The 1966 Stanley Cup Finals was the championship series of the National Hockey League's (NHL) 1965–66 season, and the culmination of the 1966 Stanley Cup playoffs. It was contested by the Detroit Red Wings and the defending champion Montreal Canadiens. The Canadiens won the best-of-seven series, four games to two, to win the Stanley Cup for the seventh time in eleven years.

Paths to the Finals
Montreal defeated the Toronto Maple Leafs 4–0 to advance to the finals, and Detroit defeated the Chicago Black Hawks 4–2.

Game summaries
With this series, Toe Blake had coached the Canadiens to seven Cups in eleven years. Henri Richard, a member of all seven championship teams, would score the series winner in game six in overtime.  Two minutes into the extra period, Richard broke in on Red Wing goalie Roger Crozier, lost his footing on the newly resurfaced ice as he cut across the goalmouth, and sprawled into Crozier.  The puck went in, and even though Crozier and the Wings protested that Richard had pushed the puck in with his hand, the goal stood.  His brilliant play in goal, even in defeat, earned Crozier the Conn Smythe Trophy as the most valuable player in the playoffs, becoming the first player to win the award as a member of the losing team.

Roger Crozier wins Conn Smythe Trophy.

Stanley Cup engraving
The 1966 Stanley Cup was presented to Canadiens captain Jean Beliveau by NHL President Clarence Campbell following the Canadiens 3–2 win over the Red Wings in game six.

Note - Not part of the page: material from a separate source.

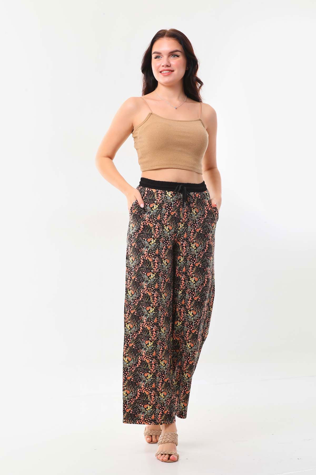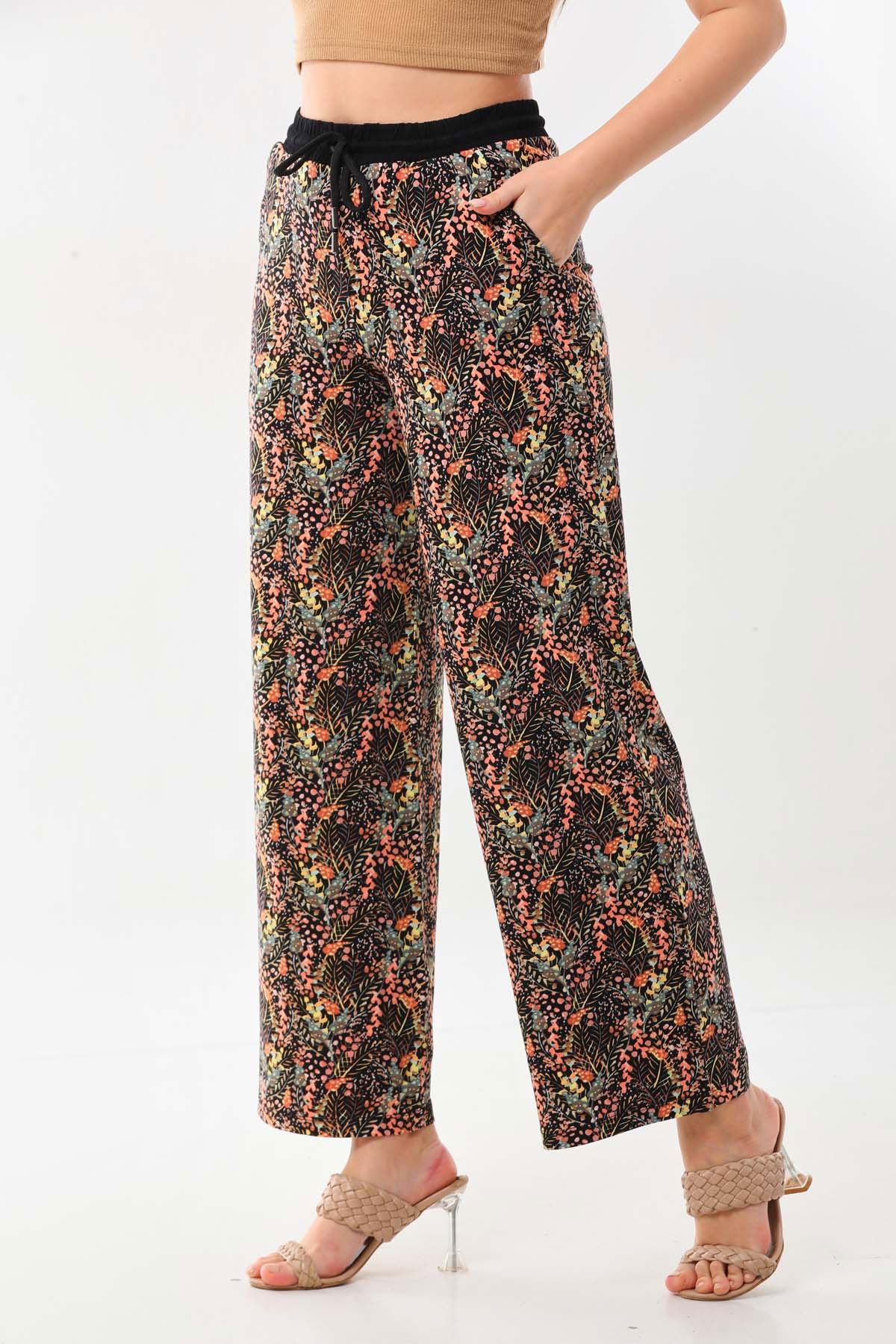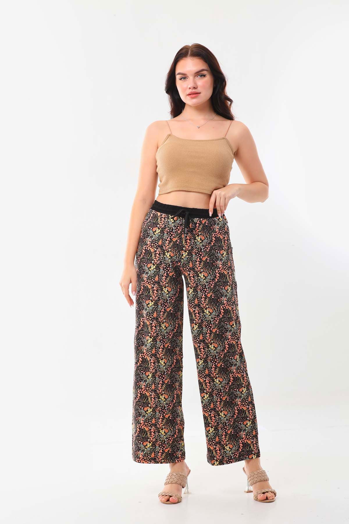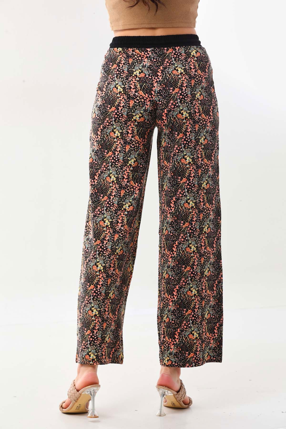Detay: Desenli, belden bağlamalı, beli lastikli, rahat form pantolon;
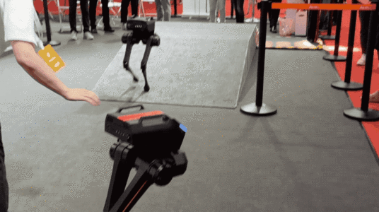 看完机器人大秀,一扭头就是宇树科技的机器狗跑酷,翻墙越障都不在话下,引起周围小朋友们的阵阵惊呼。

The following Canadiens players and staff had their names engraved on the Stanley Cup

1965–66 Montreal Canadiens

Stanley Cup engravings
 Montreal Canadiens name was misspelt MONTREAL CANADIENE.  This mistake was later corrected on the Replica Cup created in 1992–93.

Broadcasting
In 1966, NBC became the first television network in the United States to air a national broadcast of a Stanley Cup Playoff game. The network provided coverage of four Sunday afternoon playoff games during the  postseason. On April 10 and April 17, NBC aired semifinal games between the Chicago Black Hawks and the Detroit Red Wings. On April 24 and May 1, NBC aired Games 1 and 4 of the Stanley Cup Finals between the Montreal Canadiens and the Detroit Red Wings. Win Elliot served as the play-by-play man while Bill Mazer served as the color commentator for the games.

NBC's coverage of the 1966 Stanley Cup Finals marked the first time that hockey games were broadcast on network television in color. The CBC would follow suit the following year. NBC's Stanley Cup coverage preempted a sports anthology series called NBC Sports in Action, hosted by Jim Simpson and Bill Cullen, who were between-periods co-hosts for the Stanley Cup broadcasts.

Aftermath
The next season, the Red Wings finished a distant fifth, 24 points out of the playoffs, marking the beginning of an almost 20 year slump known as the "Dead Wings" era. The Red Wings only made the playoffs twice in the next 16 years, and would not return to the Stanley Cup Finals again until 1995, where they were swept by the New Jersey Devils.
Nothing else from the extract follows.